Она сделала глубокий вдох. Выдох. Марианне послышался женский смех; что, если все это время ее слушала Нимуэ, владычица моря?
Марианна подняла глаза и увидела, что от луны остался узенький серп, бледно-серебристая колыбель, скрывающаяся от солнечных лучей.
Пальцы Марианны нерешительно задвигались, пытаясь вспомнить самую прекрасную песню, которую Марианна когда-либо исполняла, песню о сыне луны, «Hijo de la luna»: ре-минор, соль-минор, фа-мажор, А7.
Марианна упражнялась, пока пальцы у нее не онемели от утреннего холода и влаги. Левая рука заныла от непрерывного растягивания и сжимания меха, спину заломило от тяжести инструмента. Предрассветные сумерки совлекли покров с ночи, и на востоке показалось восходящее солнце.

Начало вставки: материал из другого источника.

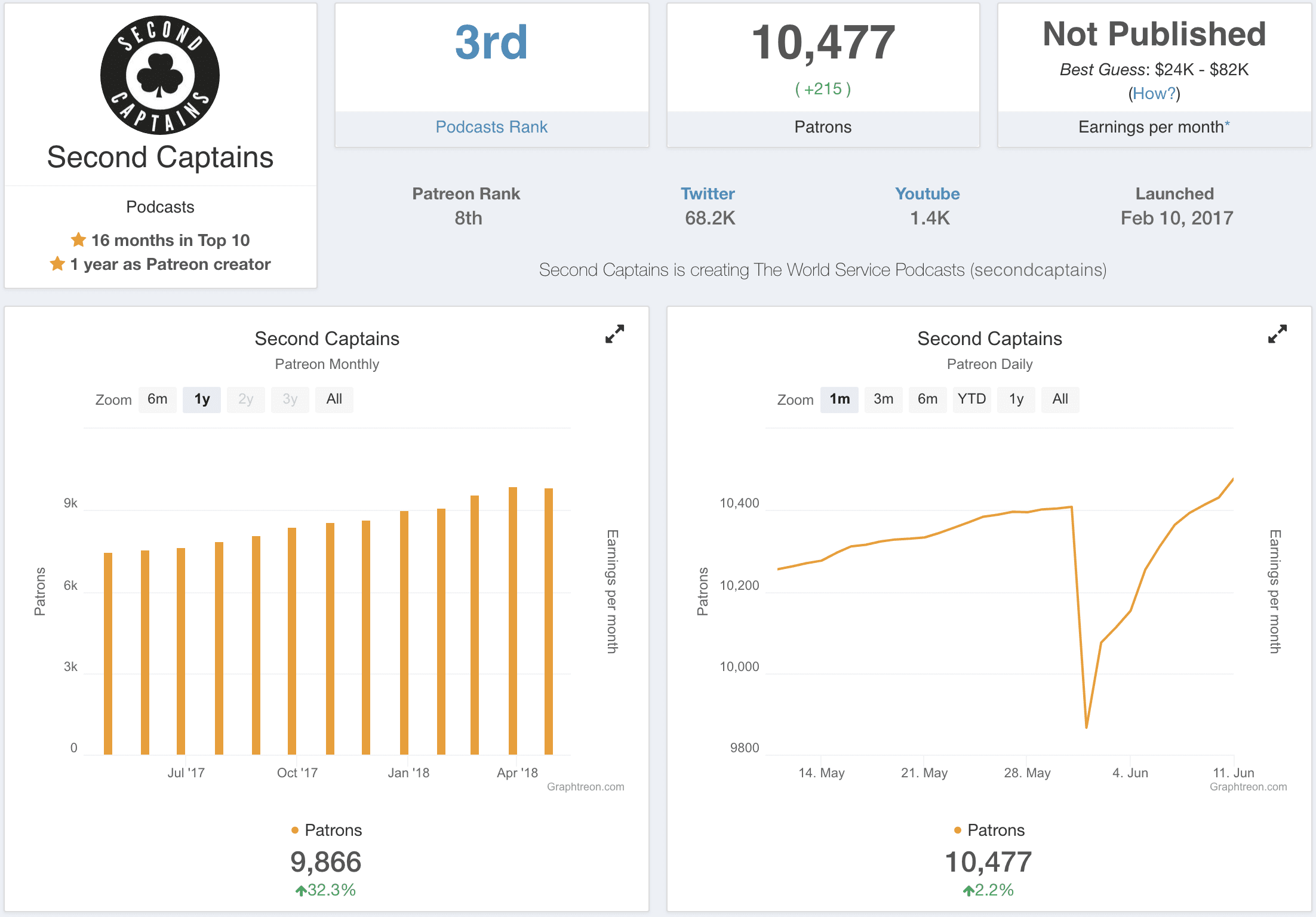 Second Captains, the creators of Second Captains World Service, have chosen not to display their earnings either, however they have displayed their Patreons. As you can see, they're also on a steady incline, meaning that their earnings for their podcast are definitely also on the increase.

Марианна в изнеможении отставила аккордеон. Ей стало не по себе. Она перестала отличать реальность от своих желаний. Медленно сыграла она несколько тактов «Либертанго» Пьяццолы.
Но ответов не было. Нигде. Одни вопросы. Вопросы.
29
Спустя четыре дня, четырнадцатого июля, Марианне показалось, будто «Ар Мор» и пансион вывернуты наизнанку: с утра столы, стулья, половина всей кухонной посуды и передвижной бар из ресторана громоздились на молу. Повсюду раскачивались цветные фонарики на шнурах, на набережной установили сцену с навесом, в окнах трепетали на ветру французские и бретонские флаги.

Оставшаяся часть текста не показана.